Some of the other mutual fund categories are as follows:

  • Sector Funds

  • Emerging market funds

  • International funds

  • Global funds

  • Real estate funds

  • Commodity focused stock funds

  • Market neutral funds

  • Inverse/leveraged funds

  • Asset allocation funds:

  • Gilt Funds

  • Exchange-traded funds

Selecting Top Mutual Funds

  • Investment Objective - Any investment should be made after considering one’s personal life goals. Once you have assessed your needs, match it with your fund’s objectives. Each mutual fund has an investment objective which may or may not match your goal. To arrive at a meaningful decision, select funds which conform to your overall financial plan and risk appetite. 

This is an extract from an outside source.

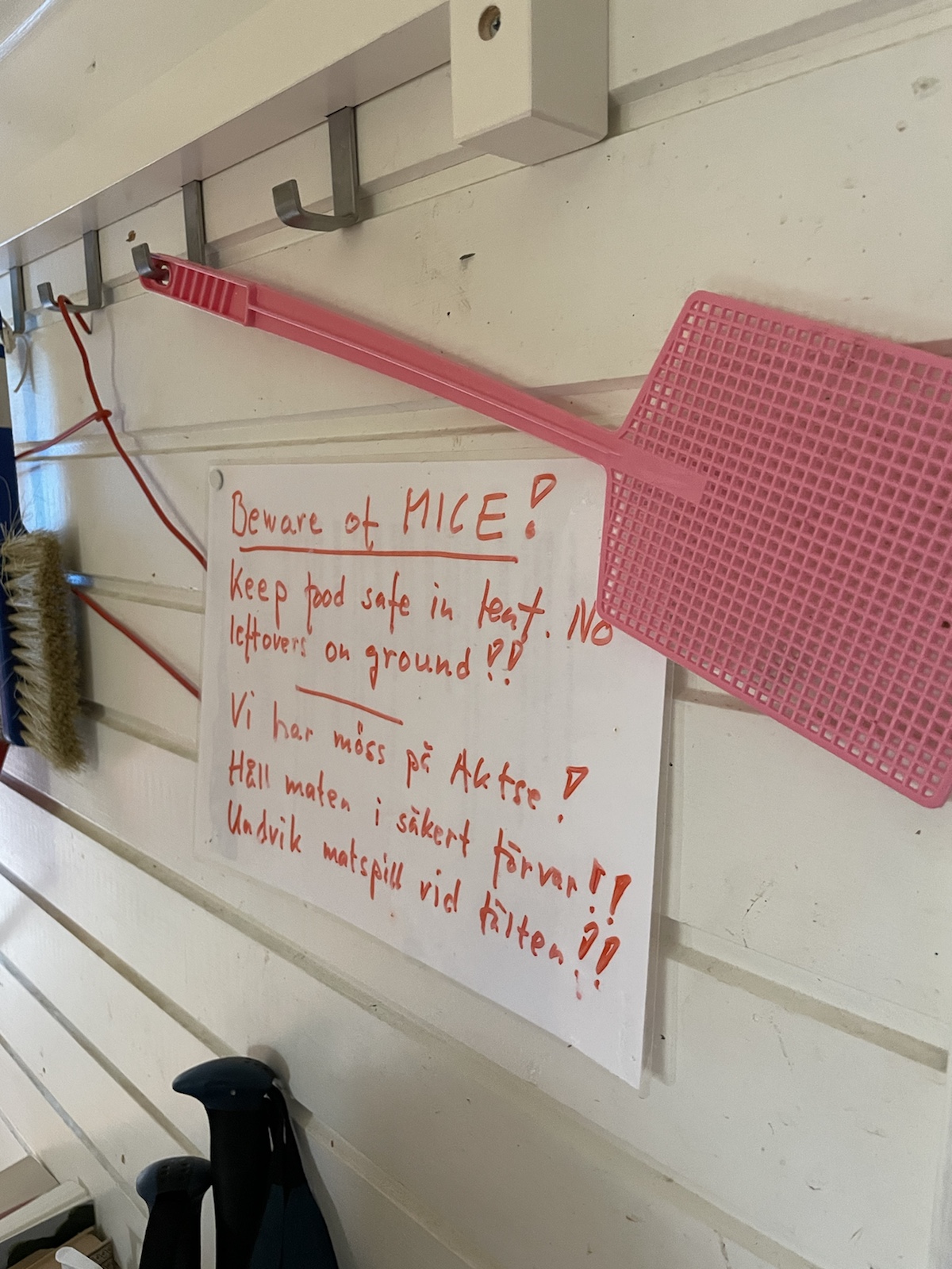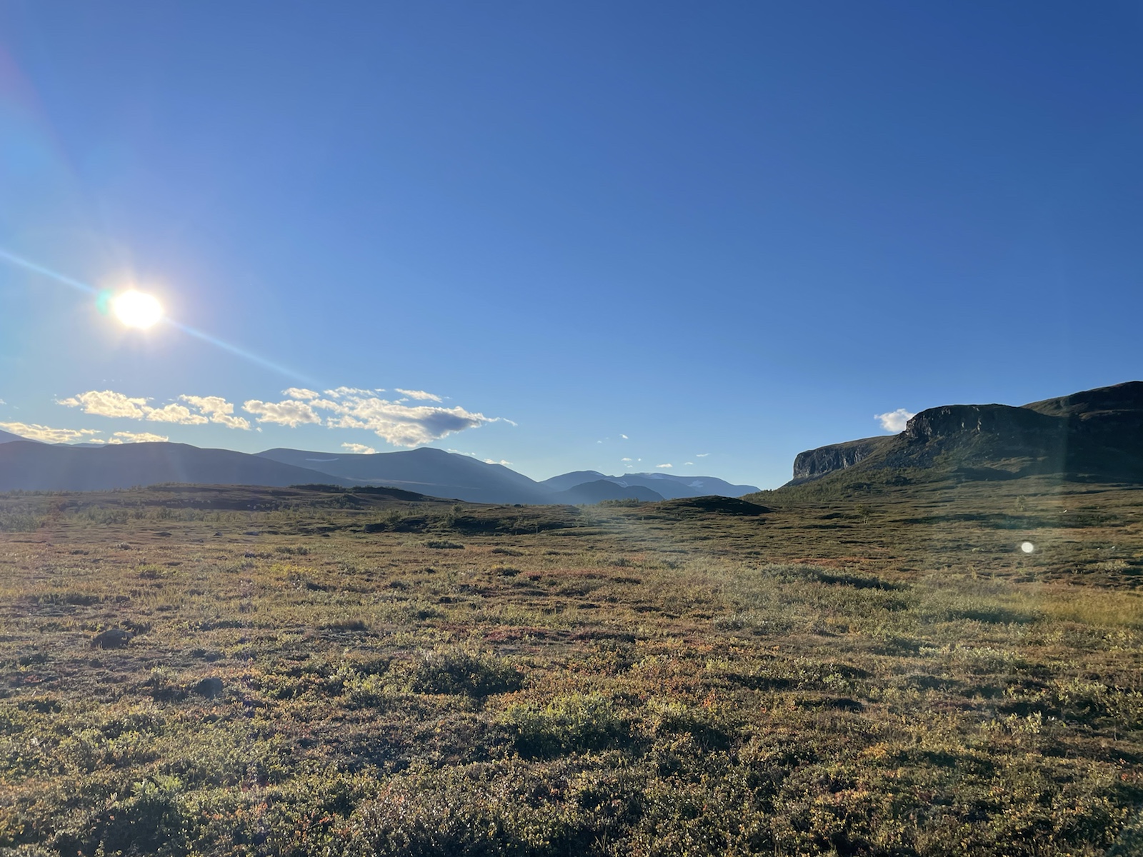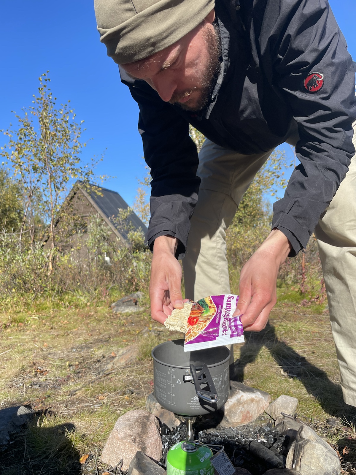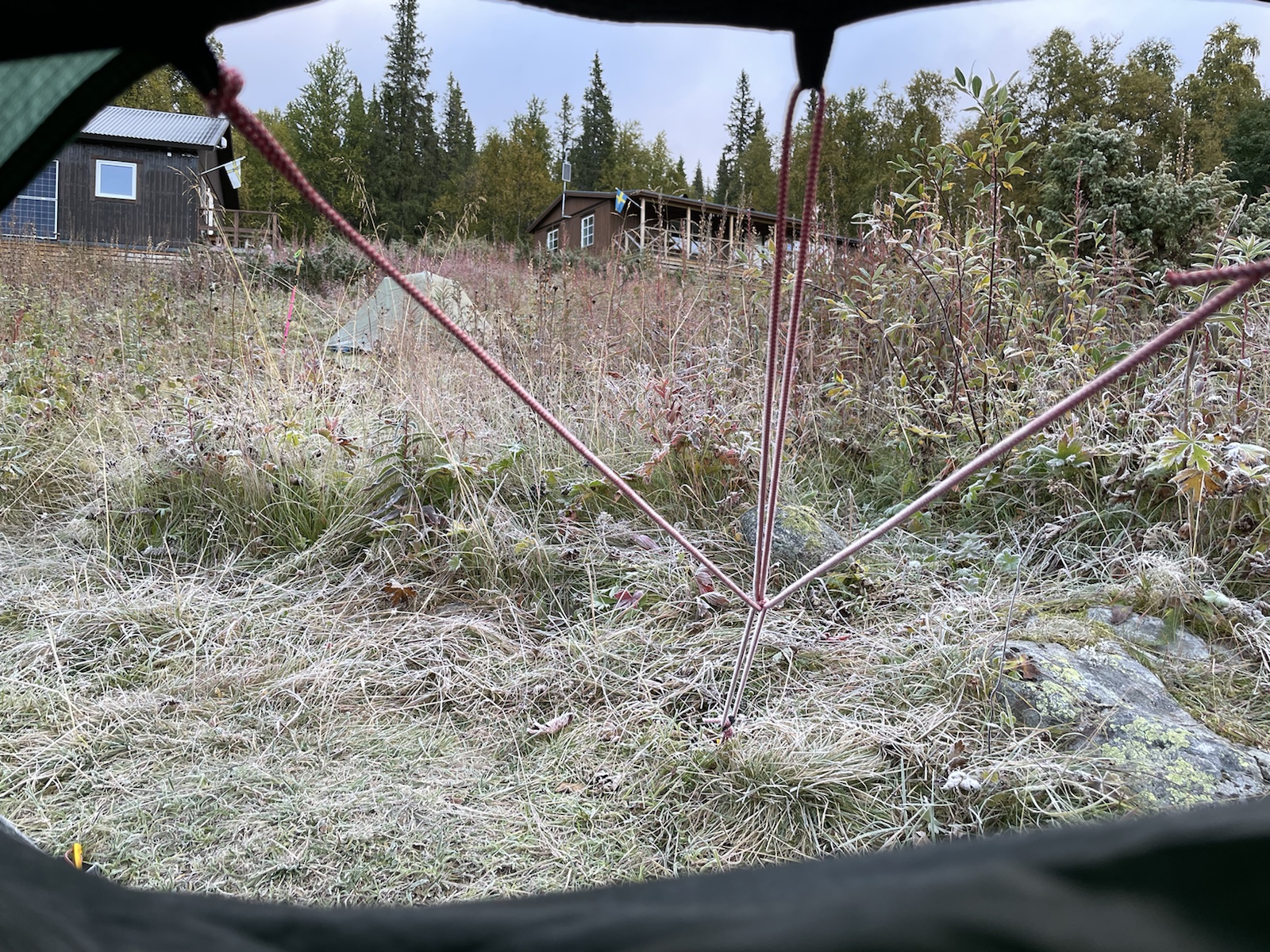 Nach einer eisigen Nacht folgte Raureif. Es war nicht der erste (das was drei Tage früher bereits der Fall).Um 8.00 Uhr war es 0.5 Grad Celsius. Leider schien die Sonne nicht. Es war bewölkt und es wärmte nicht richtig auf.Nach dem Frühstück sah ich beim Aufräumen im Vorzelt ei e Ziplock-bag mit gesalzenen Erdnüssen. Bevor ich sie in die Essenstasche tun wollte, wollte ich noch eine Handvoll davon essen. Als ich eine Handvoll nahm, zeigte Chrigi sofort auf den Boden und erklärte, ich hätte eine Erdnuss fallen lassen. Ich konnte mich nicht erinnern, eine Nuss fallen gelassen zu haben. Es war aber auch Morgen, also gut möglich. Während ich die Erdnüsse kaute und die Ziplock-bag wieder verschloss, um sie in die Essenstasche zu tun, fiel erneut eine Erdnuss auf den Boden. Dieses mal war der Beutel doch geschlossen. Leicht verwirrt schaute ich die Ziplog-bag genauer an und sah ein Loch unten rechts. Genauer, ein Loch wurde – wohl von einer Maus – herausgeknabbert. Ich spucke die restlichen Erdnüsse aus. Der zweite Mauszwischenfall. Bevor wir weiterwanderten, gingen wir noch schnell in die Gemeinschaftsküche, um uns aufzuwärmen, wo wir den Hinweis auf Mäuse sahen.AWeiter gehts. Ein zweites Mal denselben steilen Waldteil hinauf, den wir am Vortag bereits wegen Skierfe hochgegangen waren. Dieses mal jedoch mit einem schweren Rucksack. Zum Glück heute nur 8.5 km bis zum See, den wir mit einem weiteren Motorboot überqueren müssen.Oben ein weiteres Hochplateau, mit einer Tafel, die einen auffordert, die Bootsführerin anzurufen, da nur Leute mit dem Boot mitgenommen werden könnten, welche sich zuvor telefonisch angemeldet hätten. Chrigi ruft an un erkundigt sich, da erst 11.30 Uhr war und das Boot nach Fahrplan erst um 17.15 fahren würde, ob sie uns bereits früher abholen könnten. Der Mann am Telefon gibt zögerlich an, es sei allenfalls möglich, dass sie um 15.00 Uhr oder um 16.00 Uhr kommen könnte. Dort angekommen – ca. um 12.45 Uhr – legten wir unser Mätteli auf den Boden und hoffteb, das Boot würde um 15.00 Uhr kommen. Neben uns, waren noch zwei junge Deutsche am warten. Sie hatten bereits um 10.00 Uhr angerufen und die Bootsführerin soll erklärt haben, es allenfalls um 11.00 Uhr zu schaffen. Sie seien also unglaublich schnell gegangen und hätten es geschafft, um 11.00 Uhr dort zu sein, jedoch kein Boot. Als Zeitvertrieb entschieden wir, Ramen Noodles zu essen. Immer eine gute Entscheidung. Das Boot kam um 15.00 Uhr nicht, um 16.00 Uhr auch nicht. Erst um 17.15 Uhr.Glücklich darüber, dass es weitergeht.Auf der anderen Seeseite angekommen, entschieden wir, weiterzuwandern. Es war wunderbar sonnig und wir wollten uns unbedingt noch etwas bewegen. Ausserdem wollten wir nicht wieder bei einer STF-Hütte zelten. Unterwegs trafen wir drei Franzosen. Ein älteres Ehepaar und ein junger Franzose, die zufällig zusammen unterwegs waren. Der Jüngere wollte bis nach Hemmavan (unseren Startpunkt) wandern und unterhielt sich mit Chrigi über die Strecke. Das Ehepaar erzählte mir, sie hätten am Vortag mit einem anderen Wanderer einen Fisch gebraten, welcher dieser gefangen hätte. Dazu hätten sie Blaubeerenkompott gemacht. Mir fiel auf, dass Chrigi und ich – obwohl wir ständig von Blaubeeren umgeben sind – fast nie welche gepflückt haben. Irgendwie ist das Bücken mit einem schweren Rucksack einfach zu viel verlangt.Wir wanderten bis wir eine Wasserquelle fanden. Ein kleiner See. Wir entschieden, in der Senke direkt beim See unser Zelt aufzuschlagen. Nachdem wir es aufgebaut hatten, fiel mir ein, einmal gelesen zu haben, dass die kalte Luft in der Nacht absinkt und sich – speziell in Senken – ansammelt. Im Himmel stand die Sonne. Es war amgenehm warm. Was kann schon passieren.

  • Fund History - You may begin the shortlisting process by looking at the fund history. A mutual fund should have a long track record for being considered for investment. It shows the strength of the fund during tough times. A recently launched fund may or may not perform well during bear runs; it is yet to be explored. On the contrary, a fund with a good track record of consistent performance indicates the accuracy of its investment strategies.

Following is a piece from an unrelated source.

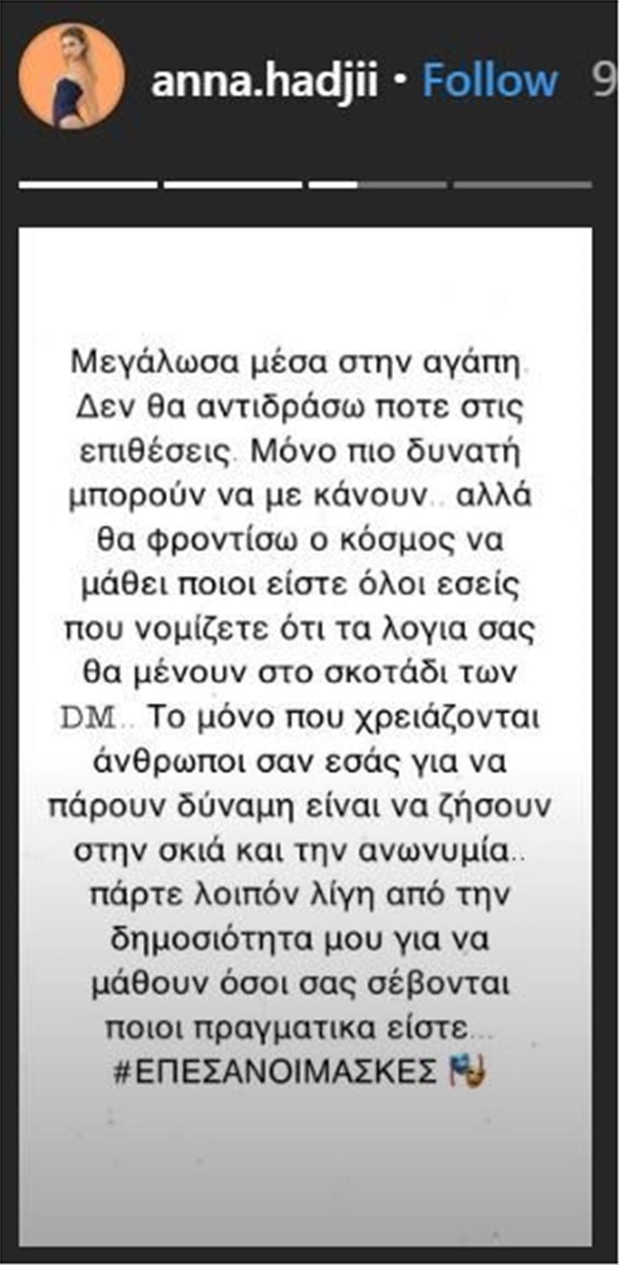 Η ίδια λίγο μετά την αποχώρησή της δημοσίευσε στα stories της τα υβριστικά σχόλια που δέχτηκε απαντώντας σχετικά: «Μεγάλωσα μέσα στην αγάπη. Δεν θα αντιδράσω ποτέ στις επιθέσεις. Μόνο πιο δυνατή μπορεί να με κάνουν. Αλλά θα φροντίσω ο κόσμος να μάθει ποιοι είστε όλοι εσείς που νομίζετε ότι τα λόγια σας θα μείνουν στο σκοτάδι των DM. To μόνο που χρειάζονται άνθρωποι σαν κι εσάς για να πάρουν δύναμη, είναι να ζήσουν στη σκιά και την ανωνυμία. Πάρτε λοιπόν λίγη από τη δημοσιότητά μου για να μάθουν όσοι σας σέβονται ποιοι πραγματικά είστε. Έπεσαν οι μάσκες».

  • Financial Ratios - Risk and return go hand in hand. Returns are the increase in the value of the initial investment as a result of investing in security like a stock or bond. Risk is the uncertainty concerning the actual returns not falling in line with the expectations. Before finalizing a mutual fund, you need to examine its risk-return potential.

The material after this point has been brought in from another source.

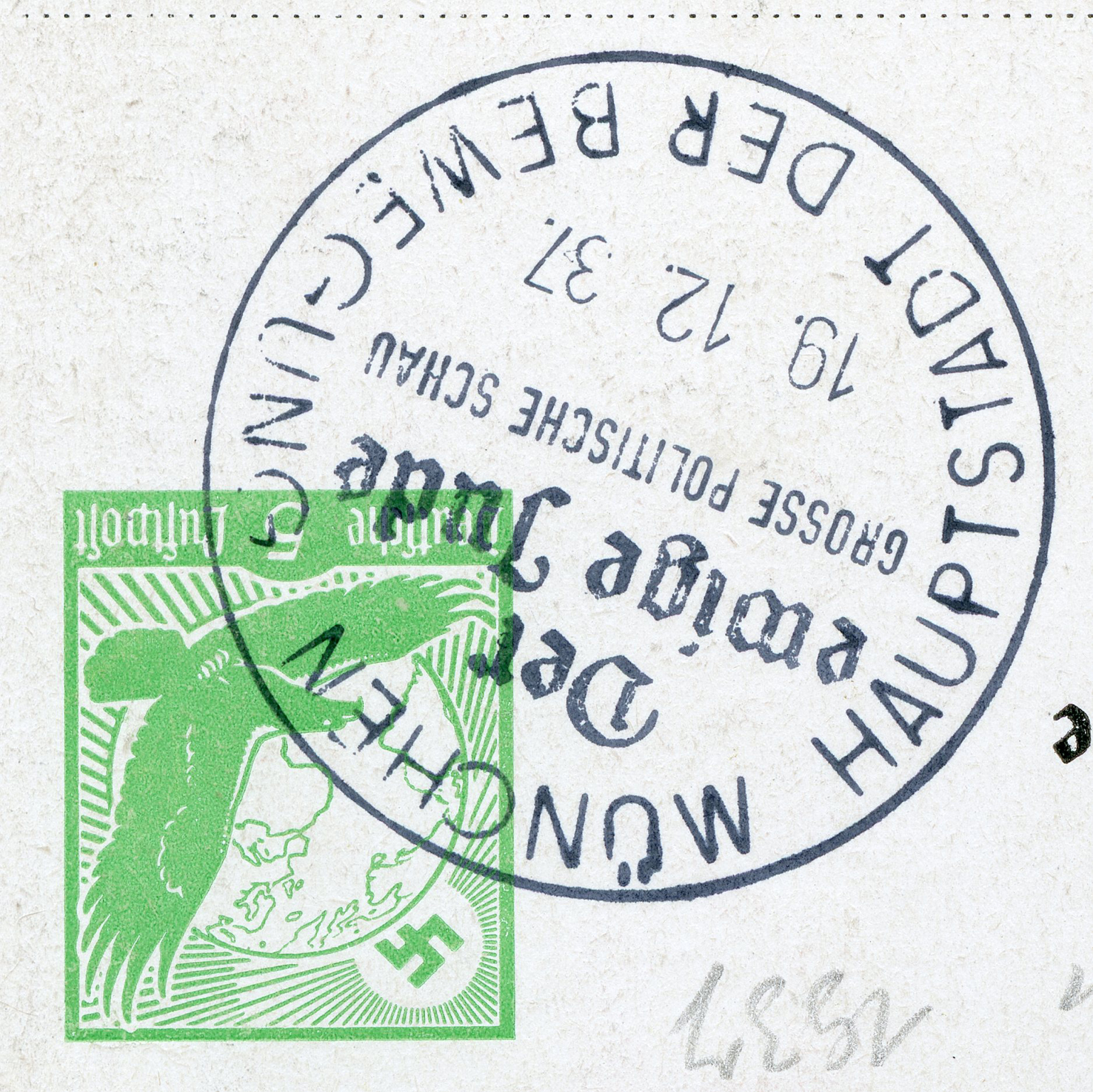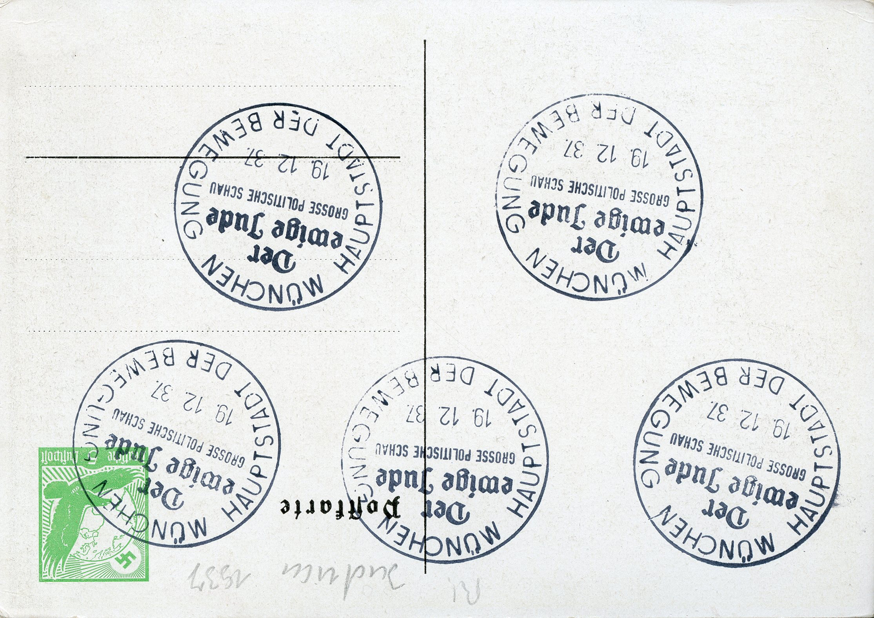 [Below: Reverse. Special Eternal Jew postmark from December 19,1937. This has a pre-paid airmail stamp as well. Click to enlarge.]

  • Performance of Fund manager - Fund manager plays a crucial role in the performance of a fund. It is important to know the track record of the fund manager. You may check the performance of the fund during market rally and slump. A fund which has given consistent returns and contained losses during the bear runs shows robust fund management. The fund’s alpha reflects how much extra returns did the portfolio generate due to the fund manager’s efforts.

End Note

Investors always seek the best mutual funds which give high returns. The entire selection process has to be guided by three basic pointers including life goals, risk profile and investment horizon. Before selecting a mutual fund, it is important for investors to go through the details of some of the top-performing funds and weigh the fund objectives against personal financial goals.